Better understand Encapsulation. I can’t 😍 this article enough:
An individual programmer has fixed limits on how quickly they can build up instructions and later on how quickly they can correct problems. A highly-effective team can support and extend a much larger code base than the sum of its individuals, but eventually the complexity will grow beyond their abilities. There is always some physical maximum after which the work becomes excessively error prone or consistently slower or both. There is no getting around complexity, it is a fundamental limitation on scale.
Useless datapoint: my personal maximum is around three thousand lines of code, or 4–6 weeks of clean-slate effort.
So maybe I need to start encapsulating once I reach that limit?
To get the most out of encapsulation, the contents of the box must do something significantly more than just trivially implement an interface. That is, boxing off something simple is essentially negative, given that the box itself is a bump in complexity. To actually reduce the overall complexity, enough sub-complexity must be hidden away to make the box itself worth the effort.
This has been bugging me for a while. Encapsulation is treated as an unquestionable good by many developers. To question encapsulation is to adopt the opposite, that design isn’t worthwhile.
But it’s a tradeoff! Introducing encapsulation incurs a temporary increase in the net complexity of a system. Over the course of a tactical refactoring of methods and classes, the increased complexity is only observable by one or two developers doing the work.
But, if services are encapsulation (they are!), then rearranging the pieces will leave you paying for the increased complexity for days, weeks, months. Now the encapsulation takes on real costs: the risk of completing it, the burden of explaining to others what you’re doing, etc. That encapsulation better be worth it and not just a hunch!
For example, one could write a new layer on top of a technology like sockets and call it something like ‘connections’, but unless this new layer really encapsulates enough underlying complexity, like implementing a communications protocol and a data transfer format, then it has hurt rather than helped. It is ‘shallow’. What this means is that for any useful encapsulation, it must hide a significant amount of complexity, thus there should be plenty of code and data buried inside of the box that is no longer necessary to know outside of it. It should not leak out any of this knowledge. So a connection that seamlessly synchronizes data between two parties (how? We don’t know) correctly removes a chunk of knowledge out of the upper levels of the system. And it does it in a way that it is clear and easy to triage problems as being ‘in’ or ‘out’ of the box.
My experience is that encapsulation, if it happens at all, starts off shallow. Real encapsulation, where a developer can treat it as a black box, never needing to peak inside to understand the mechanisms or in/out problems, is rare. It takes the best designers of software to achieve it.
We should all be so bold as to attempt building encapsulations of that quality, but not so proud to think that we succeed at it even half the time.
In little programs, encapsulation isn’t really necessary, it might help but there just isn’t enough overall complexity to worry about. Once the system grows however, it approaches the threshold really fast. Fast enough that many software developers ignore it until it is way too late, and then the costs of correcting the code becomes unmanageable.

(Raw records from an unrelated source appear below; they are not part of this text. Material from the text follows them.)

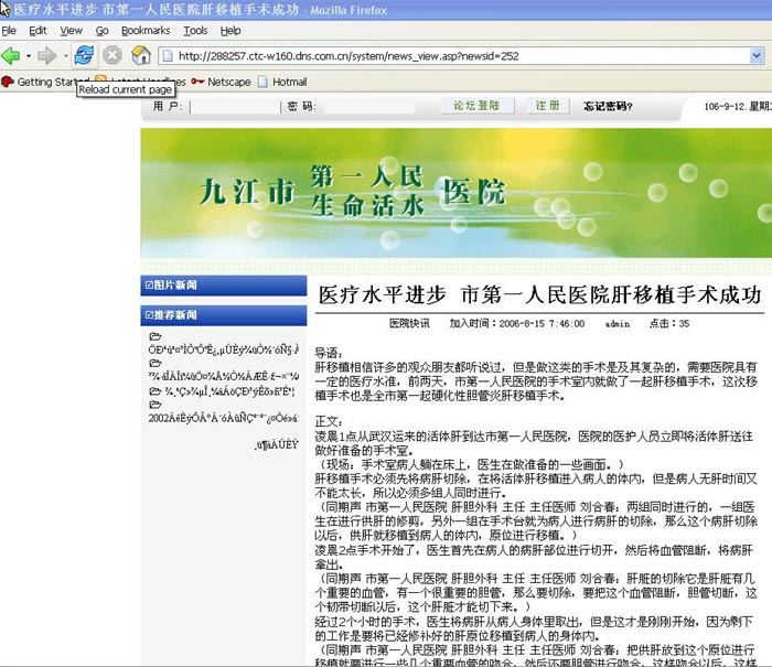 2。在该医院的网站上8月15日有标题为“医疗水平进步 市第一人民医院肝移植手术成功”的以下内容报道(https://288257.ctc-w160.dns.com.cn/system/news_view.asp?newsid=252):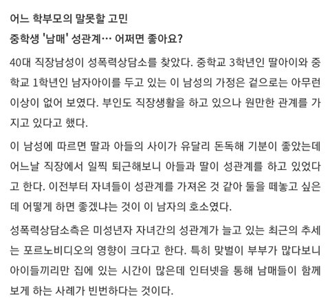 나 어릴때 오빠랑 옷벗고만지고그랬음 진짜..나살면서 한번도 남에게 말안꺼냈는데;; 오빠랑 2살차인데 내가 성의 개념을 모르는 초딩저학년일때 오빠랑 둘이있으면 밤에 옷벗고 뽀뽀하고 몸만지고 그랬음 아나ㅠㅠㅠㅠ 진짜 지금생각해도미쳤는데 부모님이 일때문에 우리남매 신경 잘 못 쓰셨거든 몇번그러다가 그뒤로 오빠가 하자고안하더라? 이게 잘못된거라고 깨달은건지뭔지ㅋㅋㅋㅋ 아..지금은 오빠가 하도엄마아빠속썩이고 날라리들이랑 어울려다녀서 나랑도 서먹서먹한데 옛날에 오빠랑 그런짓했다고 생각하니깐 ㅏ좀 ㅈ같고 이상함;;;;;ㅅㅂ;;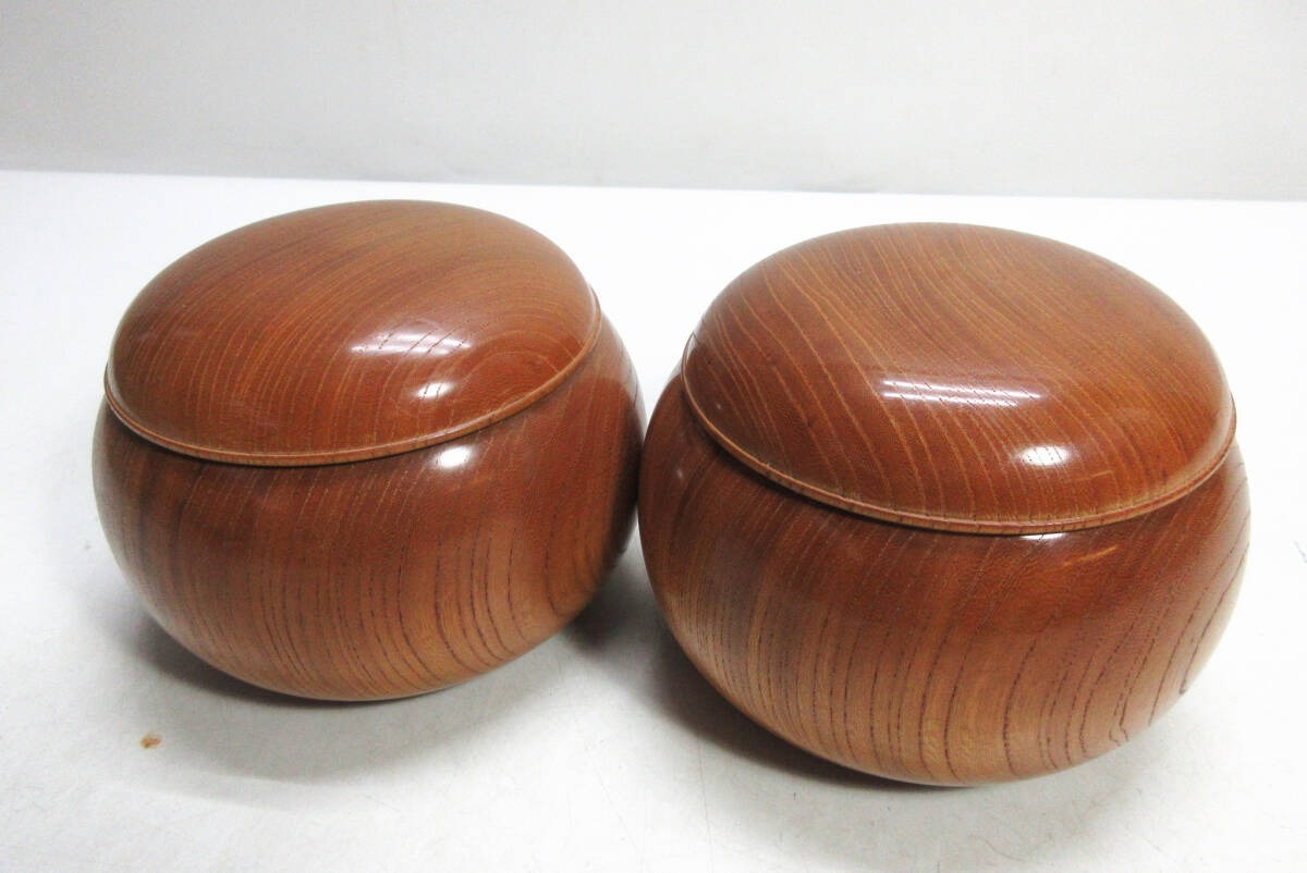 The go bowls are extra large Keyaki (zelkova). Cherry and Keyaki are standard woods for good go bowls, as they are midweight and sturdy. They come with matching lids and they fit the stones comfortably.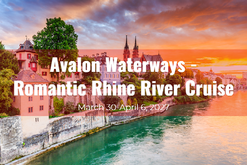 Sail with us from March 30, 2027 to April 6, 2027 on the Avalon View from Basel, Switzerland to Amsterdam, The Netherlands. Prepaid Gratuities are included and rates include a $2200 savings per cabin - based on double occupancy.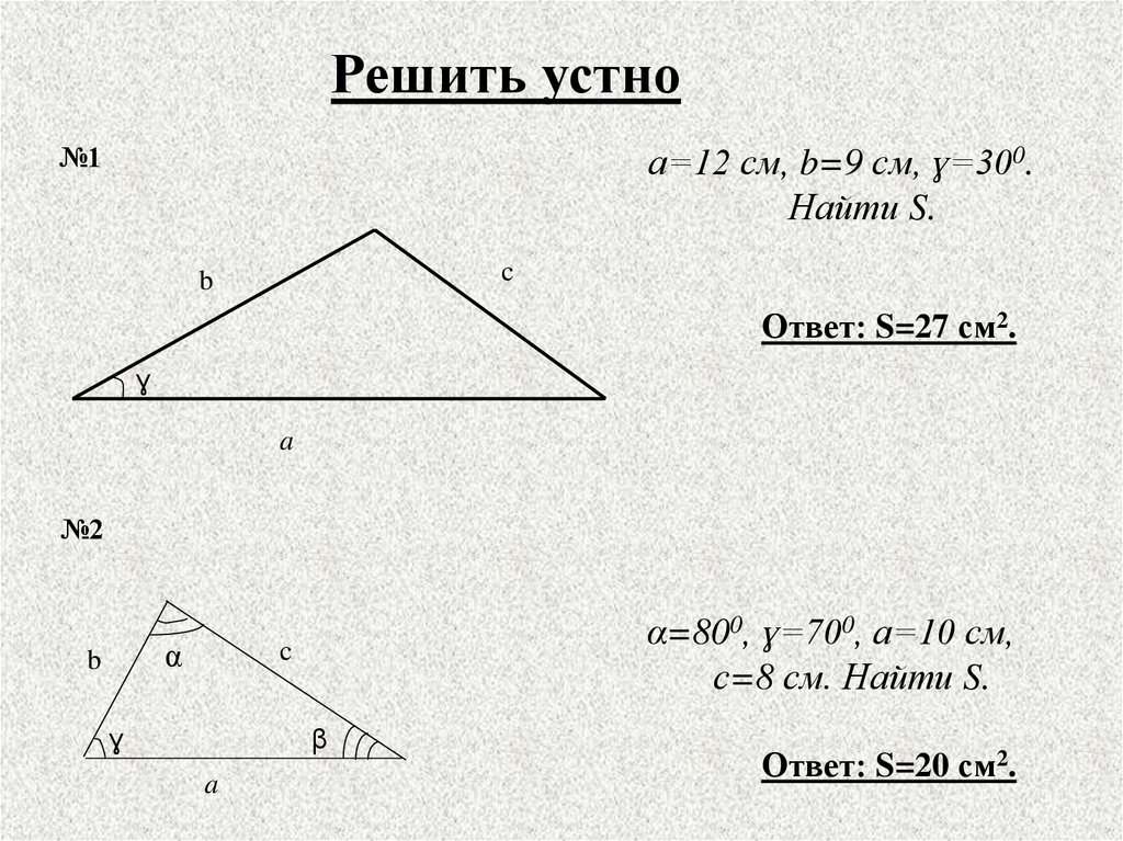 Решить устноа=12 см, b=9 см, ɣ=300.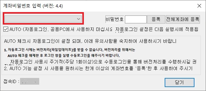 윈도우 화면 오른쪽 아래에 있는 api 아이콘을 선택 후 마우스 오른쪽 클릭해서 계좌비밀번호 저장을 클릭하면 계좌비밀번호를 입력할 수 있는 팝업창이 뜬다.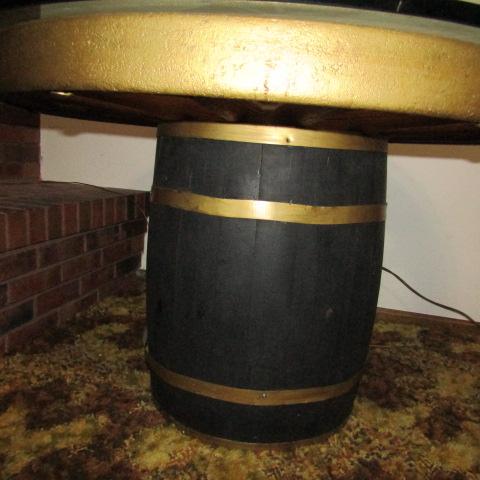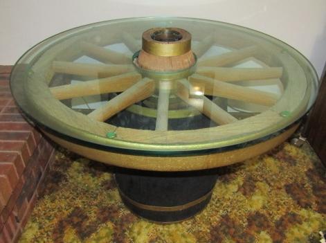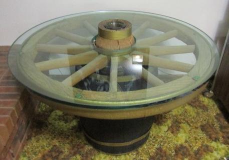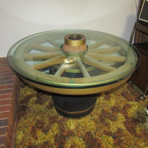 WAGON WHEEL ON A WOODEN BARREL AND A GLASS TOP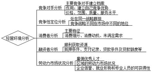 經(jīng)營(yíng)環(huán)境分析包括競(jìng)爭(zhēng)對(duì)手分析、競(jìng)爭(zhēng)性定位分析、消費(fèi)者分析、融資者分析、勞動(dòng)力市場(chǎng)狀況分析等。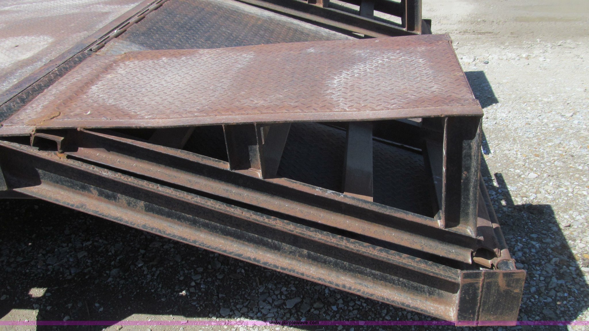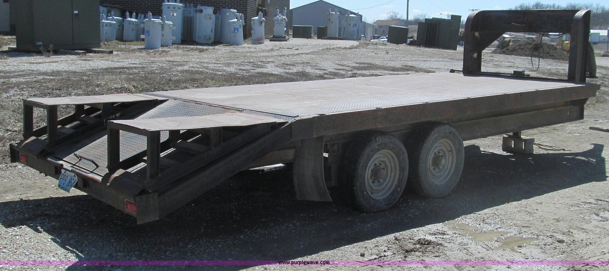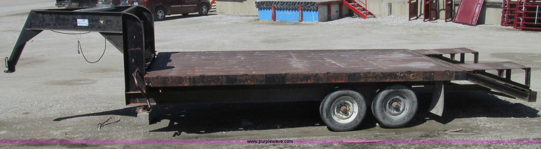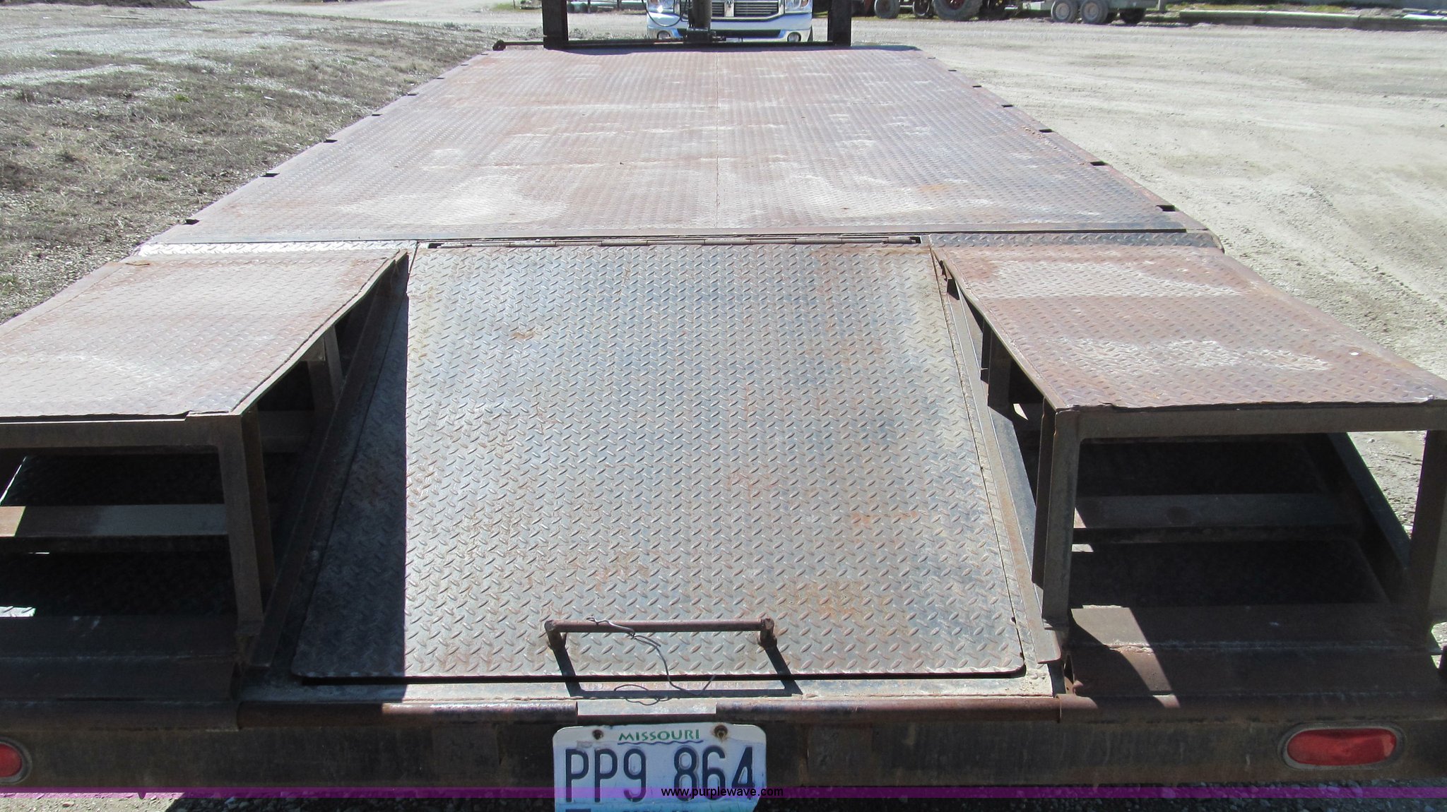 Purple Wave is selling a used Equip. Trailer in Missouri. This item is a 1976 Hillsboro gooseneck trailer with the following: 16'L main deck, 94"W, 52" deck ramp, 45" adjustable folding ramps, 45" center section lifts for rear deck extension, Expanded metal storage in nose, Spring suspension, Tandem axle, LT225/75R16 tires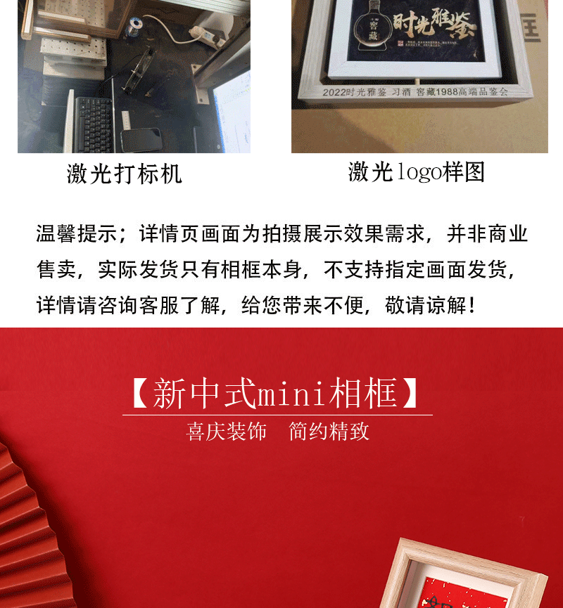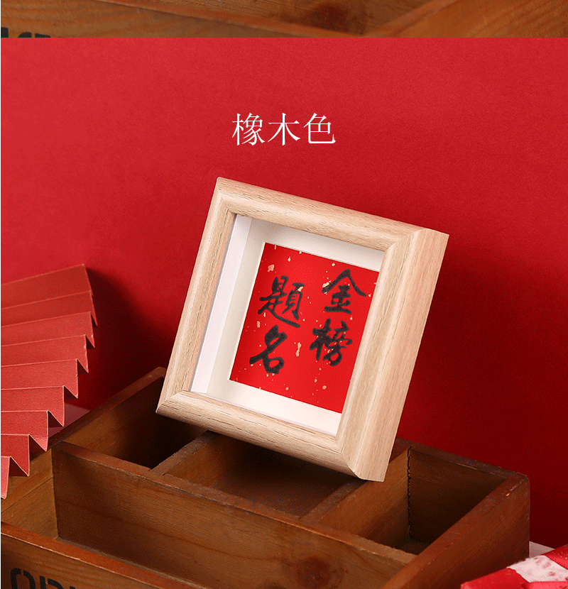 새로운 중국 미니 사진 프레임 광장 중공 그림 프레임 테이블 3 차원 나무 평화와 기쁨 데스크탑 장식품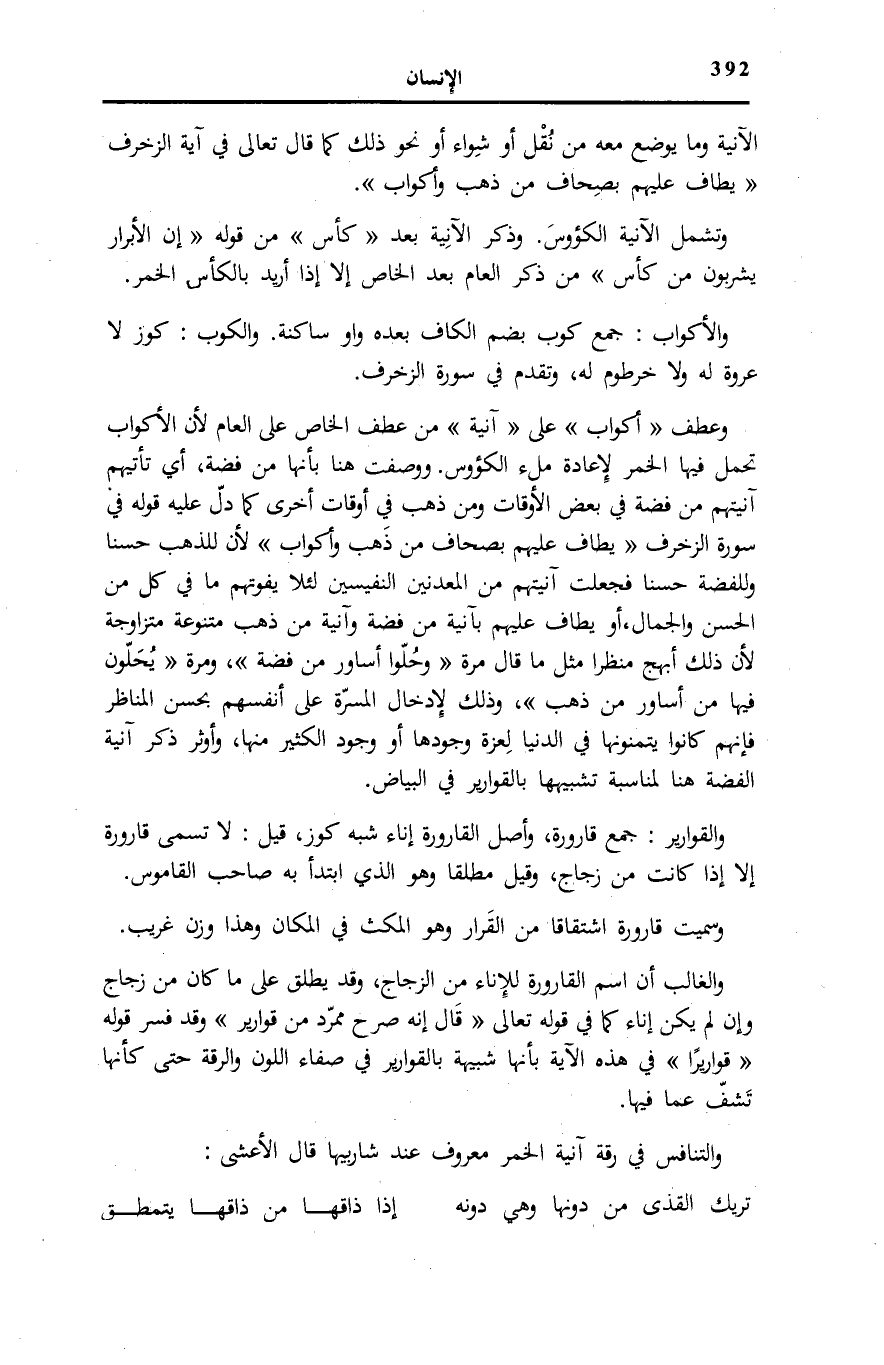 وَعَطْفُ أَكْوابٍ عَلَى (آنِيَةٍ) مِنْ عَطْفِ الْخَاصِّ عَلَى الْعَامِّ لِأَنَّ الْأَكْوَابَ تُحْمَلُ فِيهَا الْخَمْرُ لِإِعَادَةِ مَلْءِ الْكُؤُوسِ. وَوُصِفَتْ هُنَا بِأَنَّهَا مِنْ فِضَّةٍ، أَيْ تَأْتِيهِمْ آنِيَتُهُمْ مِنْ فِضَّةٍ فِي بَعْضِ الْأَوْقَاتِ وَمِنْ ذَهَبٍ فِي أَوْقَاتٍ أُخْرَى كَمَا دَلَّ عَلَيْهِ قَوْلُهُ فِي سُورَةِ الزُّخْرُفِ [71] يُطافُ عَلَيْهِمْ بِصِحافٍ مِنْ ذَهَبٍ وَأَكْوابٍ لِأَنَّ لِلذَّهَبِ حُسْنًا وَلِلْفِضَّةِ حُسْنًا فَجُعِلَتْ

I feel like prefactoring a program or architecture only increases the complexity growth rate of small systems. A dominant factor in complexity is communication and coordination cost. If you start off with ten classes instead of three, or three services instead of one, you haven’t tripled your complexity, you’ve squared it (or worse).
I’m all for minimal solutions and fighting to keep things small, but not at the cost of incurring large coordination overhead.
To build big systems, you need to build up a huge and extremely complex code base. To keep it manageable you need to keep it heavily organized, but you also need to carve out chunks of it that have been done and dusted for the moment, so that you can focus your current efforts on moving the work forward. There are no short-cuts available in software development that won’t harm a project, just a lot of very careful, dedicated, disciplined work that when done correctly, helps towards continuing the active lifespan of the code.
Emphasis mine. In a successful system, size and complexity are nearly unavoidable. Almost every “best practice” and “leading edge approach” we know of is contextual and expresses trade-offs. Thus I’m left agreeing that the unsatisfying, hand-wavy craft of “careful, dedicated, disciplined work” is the principle most likely to generate code that’s improves (rather than regresses) over its lifetime.